Second album from capable Canadian singer based in London features well-known, but not well-worn, standards

1733

This is the second album from Canadian-born, London-resident Lauren Bush and I can reassure admirers that there has been no decline in quality. Three of the six musicians – Liam Dunachie, piano, David Ingamells, drums, and Miguel Gorodi, trumpet, who accompanied Ms Bush on her 2016 debut album All My Treasures – are back for a second bite at the cherry supplemented by Conor Chaplin, bass, and Fliss Gorst, tenor, with the absence of trombone reducing a sextet to a quintet.

A second reduction is the number of tracks – 10 as opposed to 12 – and if we take into account that Ms Bush produces these albums herself, underwriting all the expenses, it’s feasible to speculate that cost is a factor. Yet another difference is the material; whilst All My Treasures offered a round dozen semi-standards, Dream Away divides its 10 selections equally into five well-known entries by veteran tunesmiths and five newer titles.

As with the first album the musicians complement the voice to a fare-thee-well and are well drilled. Ms Bush’s skill lies in selecting entries that are well known as opposed to well worn; the earliest title is In A Mellotone by Duke Ellington and Milt Gabler, the latest is The Shadow Of Your Smile, written for the film The Sandpiper by Johnny Mandel and Paul Francis Webster after Johnny Mercer’s song actually called The Sandpiper was rejected.

You Stepped Out Of A Dream was one of the last lyrics Gus Kahn ever wrote. It was featured in the MGM film Ziegfeld Girl in 1941 and Kahn died in October of that same year.
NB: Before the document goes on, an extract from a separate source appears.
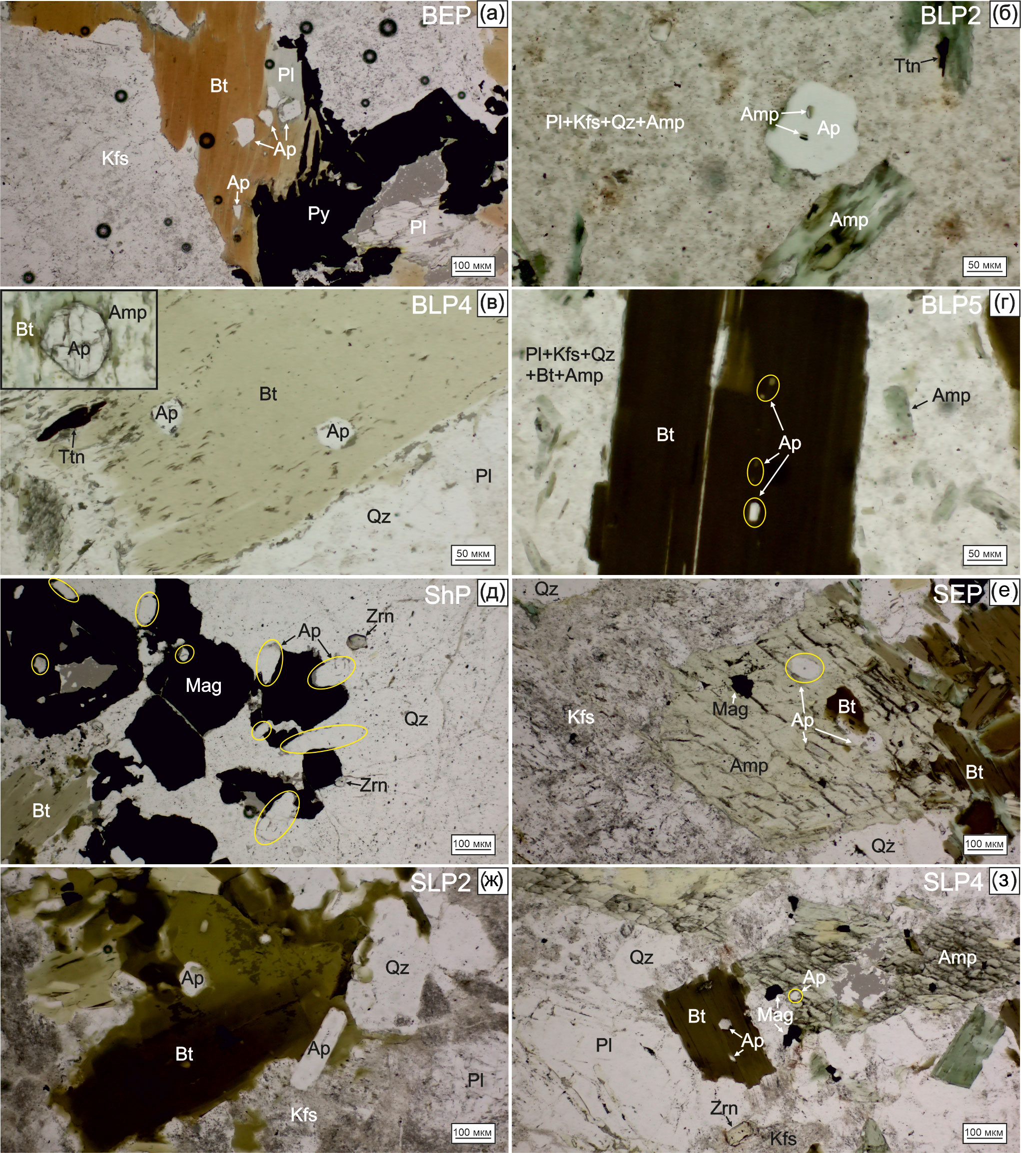 Апатит в изученных образцах как ранней, так и поздней фазы представлен в виде идиоморфных включений кристаллов в биотите и амфиболе (фиг. 4а, в, г). Размер кристаллов апатита обычно не превышает 50 мкм. В образцах BLP2 апатит присутствует как среди основной массы породы, так и в виде включений в амфиболе, при этом размеры кристаллов апатита достигают 100 мкм (фиг. 4б). В образце BLP5 встречаются кристаллы апатита, пространственно приуроченные к плоскостям спайности биотита (фиг. 4г).

Six years later the Broadway show Finian’s Rainbow was chock full of hits including If This Isn’t Love, which is track three here. The last of the five well-known titles, Tom Wolfe and Fran Landesman’s Spring Can Really Hang You Up The Most, was as ubiquitous in jazz circles in the 60s as How High The Moon and Lullaby Of Birdland had been in the 40s and 50s respectively.

From the very first downbeat on track one it is crystal clear that this is a jazz album of the highest quality in which the musicians are given equal time with the vocalist, who is as at home on a ballad as a bouncer and equally adept at scatting. With luck it will find its audience.

Discography
You Stepped Out Of A Dream; Dream Away; If This Isn’t Love; The Shadow Of Your Smile; Keep It To Yourself; Blackfriars; You’re Ev’rything; In A Mellotone; Spring Can Really Hang You Up The Most; Hopelessly Devoted To You (63.50)
Bush (v); Liam Dunachie (p); Conor Chaplin (b); David Ingamells (d); Miguel Gorodi (t); Fliss Gorst (ts); Fish Factory Studios, England, August, 2020.